US 11,982,060 B1
Barrier structure for bearing high-energy impact and construction method thereof
Yufang Zhang, Beijing (CN); Yong Yao, Chengdu (CN); Kun Yuan, Beijing (CN); Junli Wan, Beijing (CN); Wenchao Zhang, Chengdu (CN); Jian Li, Beijing (CN); Mengjia Liu, Beijing (CN); Zhongmin Yang, Beijing (CN); Zhenhua Yin, Beijing (CN); Guozhuang Song, Beijing (CN); Yafei Xuan, Beijing (CN); Peng Zhang, Beijing (CN); Gongming Chen, Beijing (CN); and Changheng Chen, Beijing (CN)
Assigned to Railway Construction Research Institute, China Academy of Railway Science Group Co., Ltd., Beijing (CN); and China Academy of Railway Sciences Group Co., Ltd., Beijing (CN)
Filed by Railway Construction Research Institute, China Academy of Railway Science Group Co., Ltd., Beijing (CN); and China Academy of Railway Sciences Group Co., Ltd., Beijing (CN)
Filed on Oct. 19, 2023, as Appl. No. 18/489,852.
Claims priority of application No. 202211408549.5 (CN), filed on Nov. 10, 2022.

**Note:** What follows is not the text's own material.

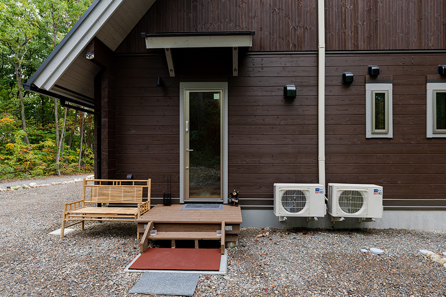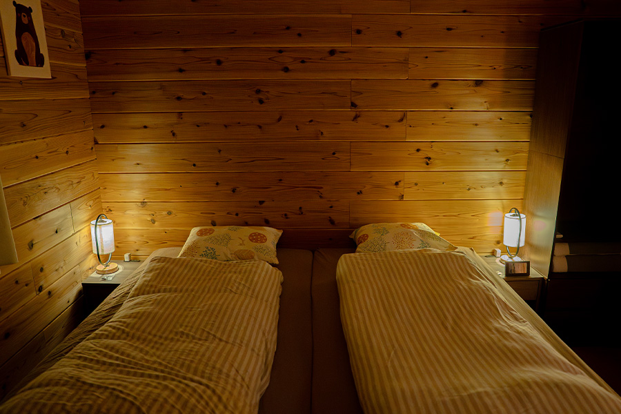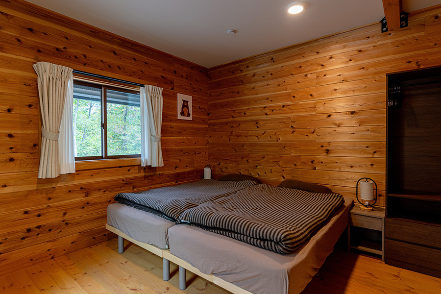 安曇野の森に囲まれた新築ログハウスのプライベート客室。 専用入口と水回り完備、木の温もりに包まれた静かな時間を。
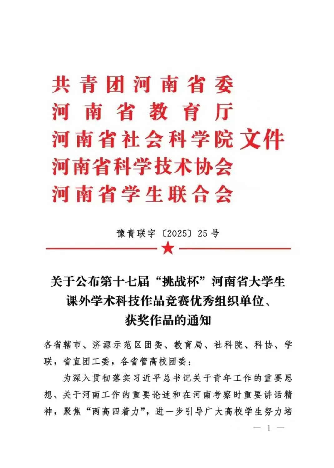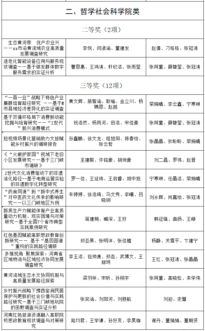 由共青团河南省委、河南省教育厅、河南省社会科学院、河南省科学技术协会、河南省学生联合会共同主办的第十七届 “挑战杯” 河南省大学生课外学术科技作品竞赛活动圆满落幕。本次竞赛自2025年3月启动省级比赛以来,得到了全省各高校的积极响应,共收到来自155所高校上报的4111 件作品。经过专家评审,138所高校的1108件作品进入终审决赛,内容涉及机械与控制、信息技术、数理、生命科学、能源化工、政治、经济、管理、法律等多个领域。学院在省赛中获奖33项,其中一等奖1项,二等奖4项,三等奖28项。

Int. Cl. E01F 7/04 (2006.01)
CPC E01F 7/045 (2013.01) 8 Claims
OG exemplary drawing
 
1. A barrier structure for bearing a high-energy impact, comprising: a supporting pile array arranged between two opposite mountain slope surfaces; wherein the supporting pile array is arranged in a straight line and comprises two or more supporting piles, and a preset distance between each two adjacent supporting piles of the two or more supporting piles is preset;
the two or more supporting piles are fixed at a lower part of a mountain, a barrier net is connected to the two or more supporting piles, the barrier net passes through the supporting pile array and extends to the two opposite mountain slope surfaces, and the barrier net is fixed on the two opposite mountain slope surfaces;
each of the two opposite mountain slope surfaces is provided with pull plates thereon, one side of each of the pull plates is fixed to a corresponding mountain slope surface of the two opposite mountain slope surfaces through reverse prestressed anchor cables, and the other side of the pull plate is connected to the barrier net for fixing the barrier net;
a height of the barrier net is not less than 6 meters (m), a yield elongation rate of a material of the barrier net is not less than 0.2%, and a fracture elongation rate of the material of the barrier net is not less than 20%;
the barrier net has a grid-like structure comprising transverse steel strands and longitudinal steel strands, the transverse steel strands are connected to the pull plates, a spacing between each two adjacent transverse steel strands of the transverse steel strands is not greater than 0.3 m;
the spacing between each two adjacent transverse steel strands satisfies a following relationship:
h≤n/(3V+1)
where h represents the spacing between each two adjacent transverse steel strands, n represents the number of the transverse steel strands, and V represents a volume of a rockfall;
the number of the transverse steel strands satisfies the following relationships:
MgH≤n(W1+W2)
W1=F2×L×Δ1−F1×L×Δ0
W2=F2×L×(Δ2−Δ1)
where M represents a mass of the rockfall, H represents a height difference from a position where the rockfall falls to a position of the barrier net where the rockfall collides with the barrier net, W1 represents a work done during an elastic stage of a single transverse steel strand of the transverse steel strands, W2 represents a work done during a plastic stage of the single transverse steel strand, F1 represents a preload applied to the single transverse steel strand, F2 represents a yield critical force of the single transverse steel strand, L represents a length of the single transverse steel strand, Δ0 represents a preload stretch rate of the single transverse steel strand, Δ1 represents a yield elongation of the single transverse steel strand, and Δ2 represents a plastic deformation elongation rate of the single transverse steel strand.